Two billion years ago, something happened. Complex cells emerged as eukaryotes arrived on the scene. All complex life - which includes pretty much anything living you can see - derive from a common ancestor. We know this because all of these cells share common genetics, produce specific proteins and, in many instances, function in the same way. Mutations have happened in complex multicellular structures but there is a surprisingly large number of genes which can be found in every single organism.

How did life shift from single-celled bacteria and archaea to eukaryotes? There are a number of hypotheses but work on one particular class of organisms may yield some answers. A new species, called Prometheoarcheum syntrophicum, appears to be a transitional form between the two stems, as reported in Nature.

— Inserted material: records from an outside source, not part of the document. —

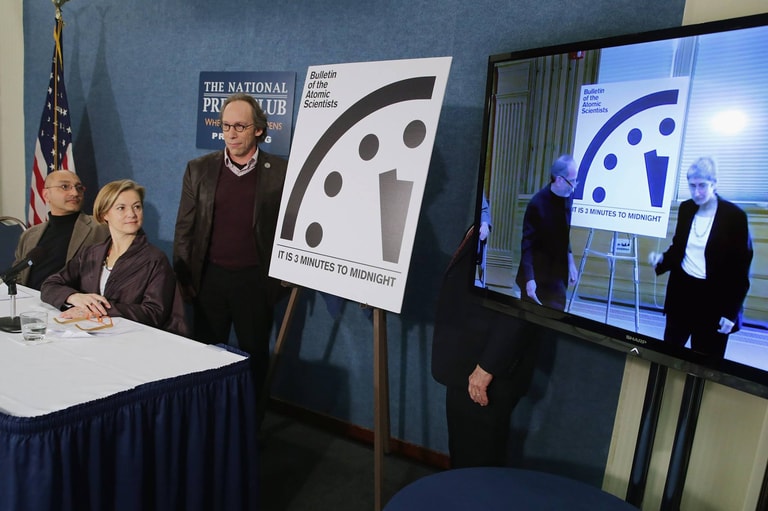 每年,負責編纂美國《原子科學家公報》(The Bulletin of the Atomic Scientists)的科學家們,都會依照國際情勢調整「末日之鐘」,預測全球距離世界毀滅還剩幾分鐘,藉此讓大家重視國際社會受到的威脅。而今年因為核武和氣候變遷的關係,科學家們決定不調整去年設下的紀錄,讓末日之鐘的指針繼續距離午夜三分鐘。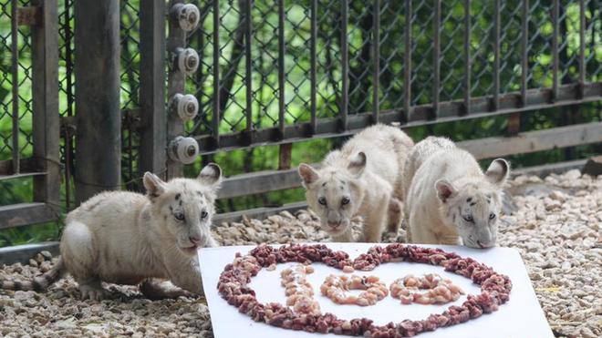 濟南野生動物世界雪虎五胞胎慶百日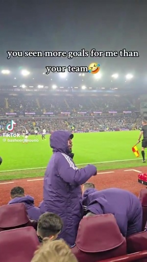 下半場在替補席上,B費遭到場邊維拉球迷的嘲諷,他笑著站起來與維拉球迷“互動”。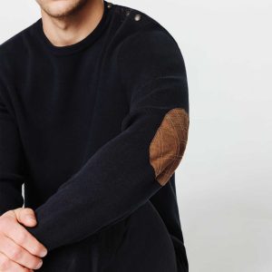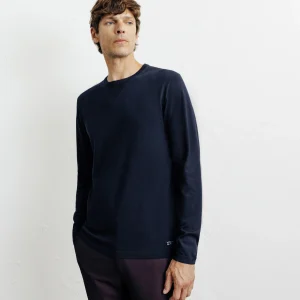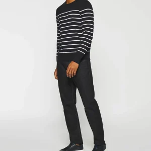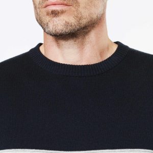 Pull marinière col rond en coton cachemire marine et écru DAYMON
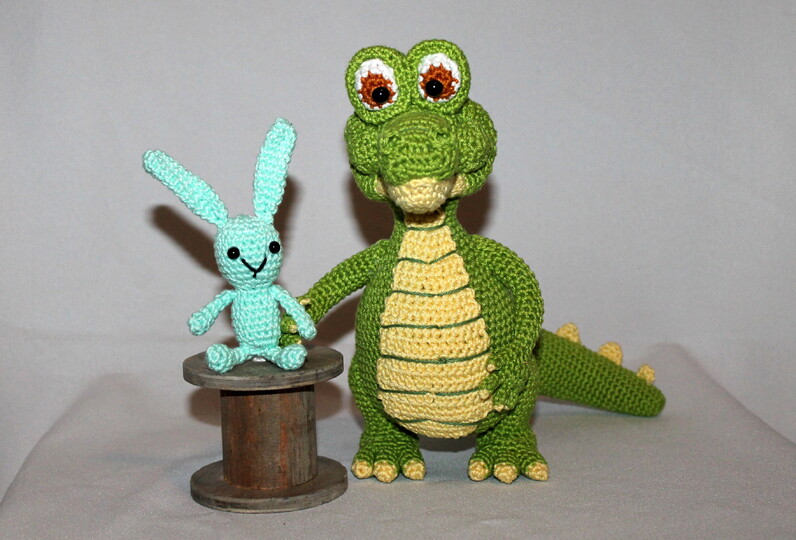 The crochet crocodile will be about 20cm/ 8 inches tall.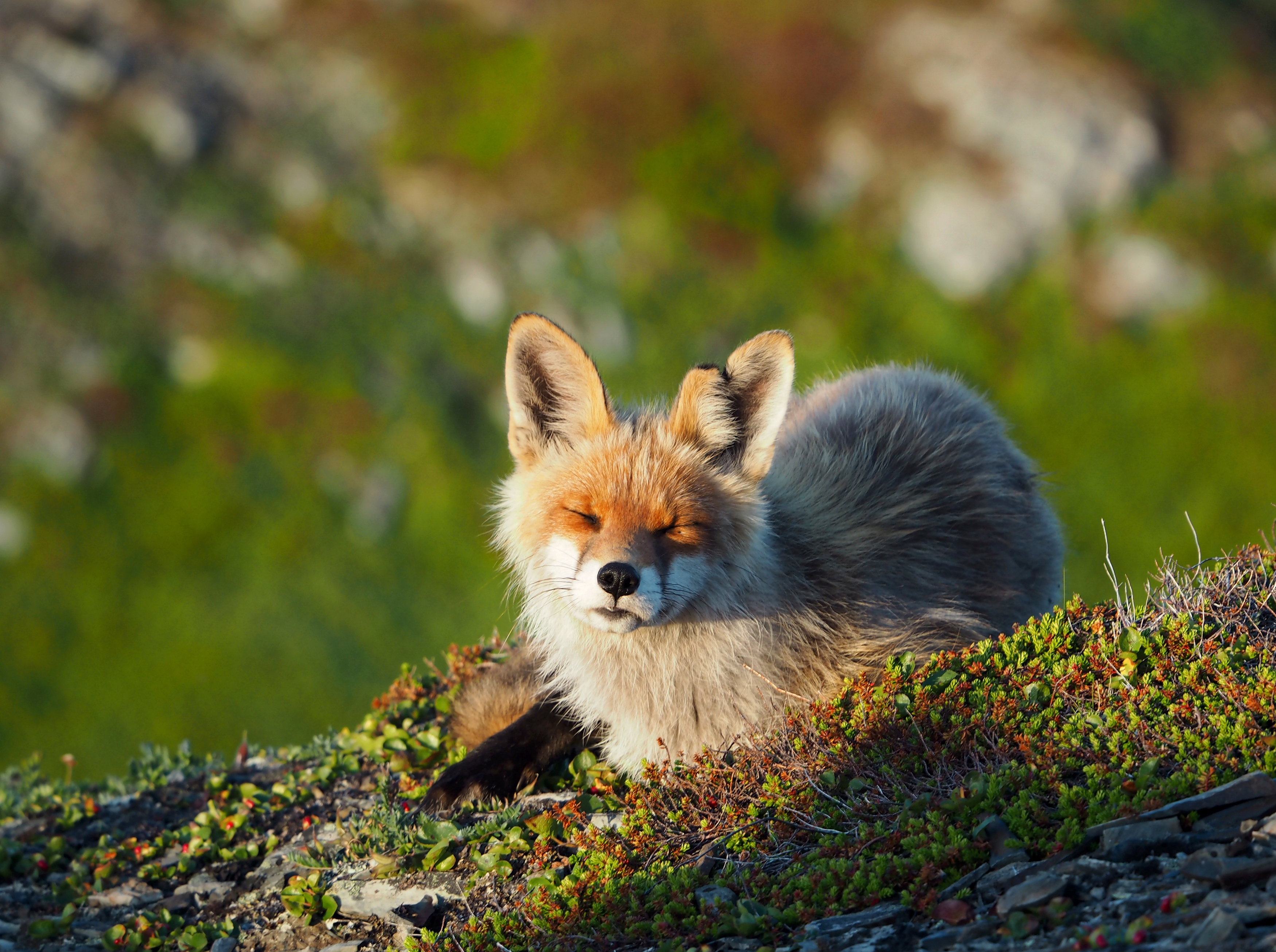 Евгений, эта фотография — как тёплый луч солнца: лиса спокойно устроилась, глаза прикрыты, будто наслаждается моментом. Свет мягкий, фон размыт — всё это создаёт ощущение уюта и тишины, хотя и не называю это словом.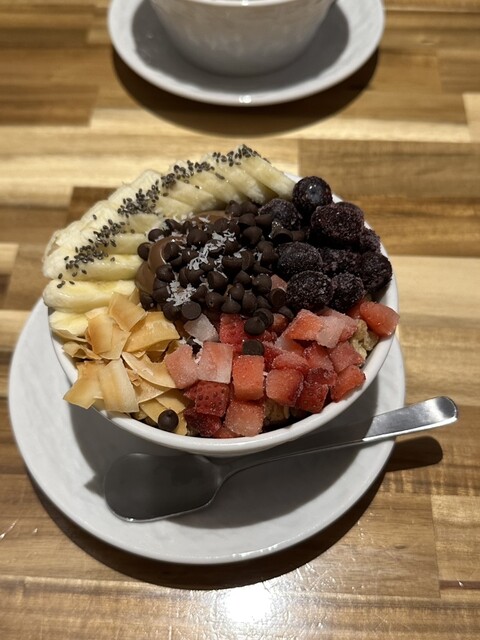 一口目は、濃厚なアサイーベースの滑らかな甘さが舌を包み、そのあとにチョコのコクが追いかけてくる。甘さが強めなんだけど、アサイーのフルーツ感と酸味がバランスを取ってくれて重さを感じさせない。ナッツやフルーツのトッピングがアクセントになってて、食感の変化も楽しい。チョコのパリッと感とか、中のアサイーとの混ざり具合がちょうどいい。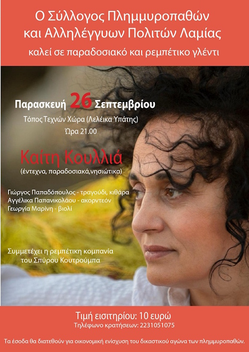Ο Σύλλογος Πλημμυροπαθών και Αλληλέγγυων Πολιτών Λαμίας καλεί σε παραδοσιακό και ρεμπέτικο γλέντι με την Καίτη Κουλλιά σε έντεχνα, παραδοσιακά, νησιώτικα τραγούδια, την Παρασκευή 26 Σεπτεμβρίου 2025 στον Τόπο Τεχνών Χώρα, στα Λελέικα Υπάτης.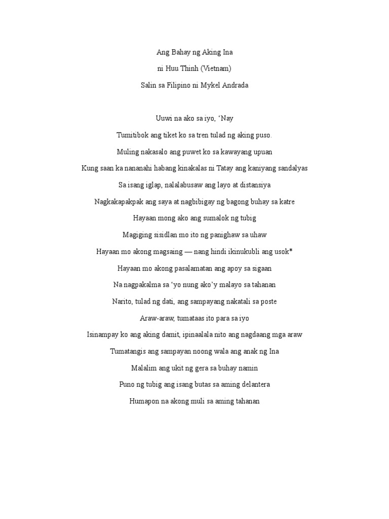 Sa isang mag-anak ay meron pa kaya Na sa amat inay higit pang dakila Na kahit sa angkang mahirap nagmula Ang para sa anak lahat ay ginawa. Talata Aking Ina Ang Essay Sa Tungkol. Inalagaan ang aking lolo.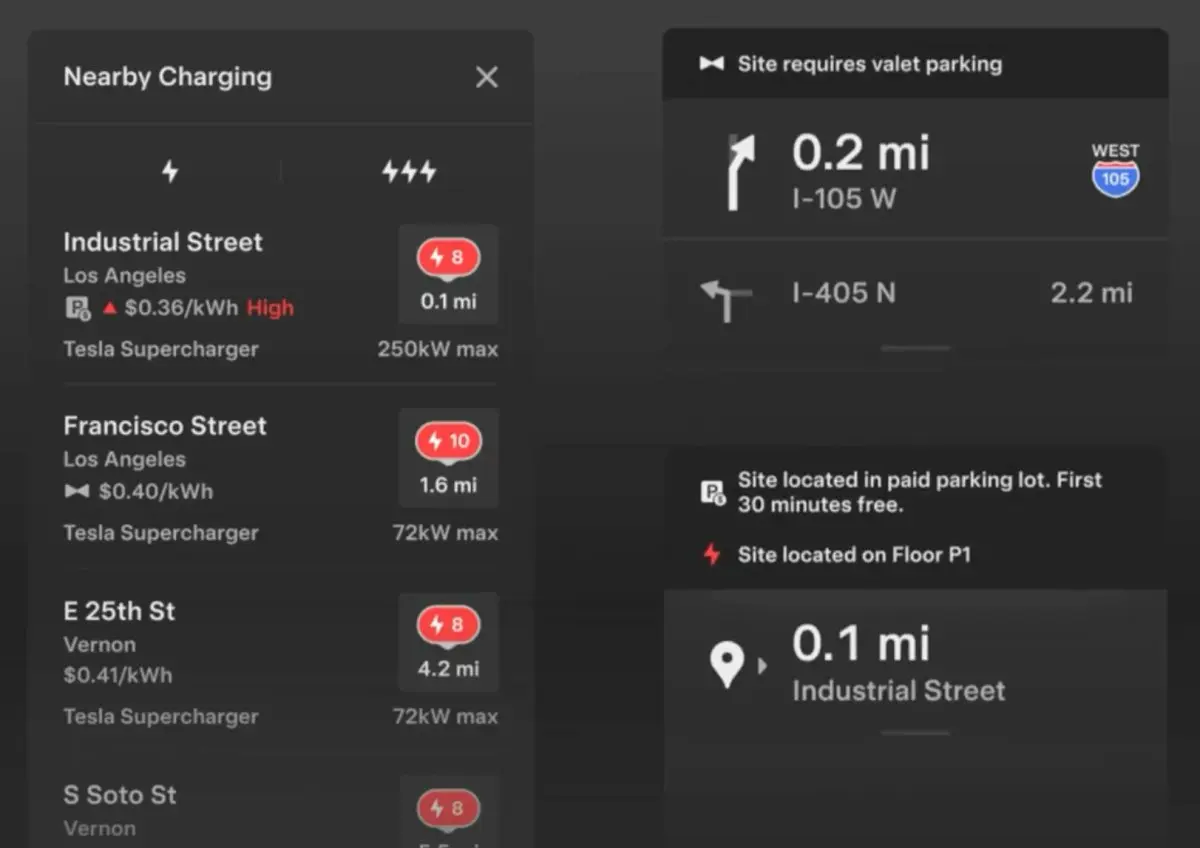 ก่อนหน้านี้มีการพบเบาแสะว่า บนหน้าจอรถยนต์ Tesla ส่วนของ Supercharger มีการเพิ่มรายละเอียดเกี่ยวกับที่ตั้งของ Supercharger โดยแสดงข้อมูล บริการที่จอด Valet Parking, ที่จอดรถที่ต้องเสียค่าจอด, ต้องใช้รหัสเข้าถึง (Access Code) และ ชั้นที่จอดรถ (ชั้นที่ Supercharger ตั้งอยู่ในอาคารจอดรถ)

While our cells are stuffed with a multitude of containers such the nucleus which holds DNA and the fuel cells called mitochondria, Prometheoarcheum lacks these structures but still contain the genetic code for the proteins which are utilized for their construction. It is a bit like finding a pile of wood, shingles, wallboard, nails, and such only to discover they are not being used to build a house but to construct a car. The essential eukaryotic proteins are present but not being used in the way we would expect.

In 2015, Thijs Ettema of Uppsala University in Sweden and his colleagues were able to scoop DNA fragments from Arctic Ocean sediments which appeared to be transitional between a species of archaea and eukaryotes. Ettema named their source Asgard archaea as Asgard was the traditional home of the Norse Gods. This same DNA was subsequently discovered in a river in North Carolina, a hot spring in New Zealand, and various other places but the organisms themselves remained elusive.

In 2006, Masaru K. Nobu, a microbiologist at the National Institute of Advanced Industrial Science and Technology in Japan, and his colleagues collected sediment samples for the Pacific Ocean. They were attempting to isolate microbes capable of eating methane, which would be useful for cleaning up landfills.

They kept their samples in a methane-rich environment at the temperature and pressures found on the sea floor. The mud contained many different microbes but by 2015 the researchers had isolated a particularly interesting new species of archaea which turned out to be one of the Asgard archaea discovered by Ettema. The research team then undertook the arduous task of cultivating and characterizing the new species. They have now been able to ascertain its genetic heritage.

In total, it took 12 years to get to the point where they now have a stable species which can be observed with a microscope. And under the microscope, it is a strange beast. The microbe starts life as a tiny sphere but sprouts long branching tentacles and releases methane-covered bubbles as it matures. And even more surprising is the lack of the internal structures expected based on its genetic make-up. It appears to truly be a transitional step between the two domains.

Before the discovery of Prometheoarcheum, many researchers suspected the missing link was a predator which consumed smaller microbes to supply its internal organ structure. For example, we know mitochondria have their own DNA and are essentially symbiotic organisms found in every one of our cells. But with Prometheoarcheum, there is some evidence to suggest a slow assimilation of other microbes rather than a wholesale takeover. As a consequence, Nobu's team have proposed a new mechanism in which cells live in clusters, eating each other's waste and supplying needed nutrients before the eventual merger. In modern parlance, they live together before finally getting married.

We still don't have all of the pieces in the long complex struggle from chemical compounds to modern elephants but some of the links are becoming clearer. Continued research on Promethearcheum may finally allow us to bridge the gap from prokaryotes to eukaryotes. Eventually we might be able to answer the question of how life began.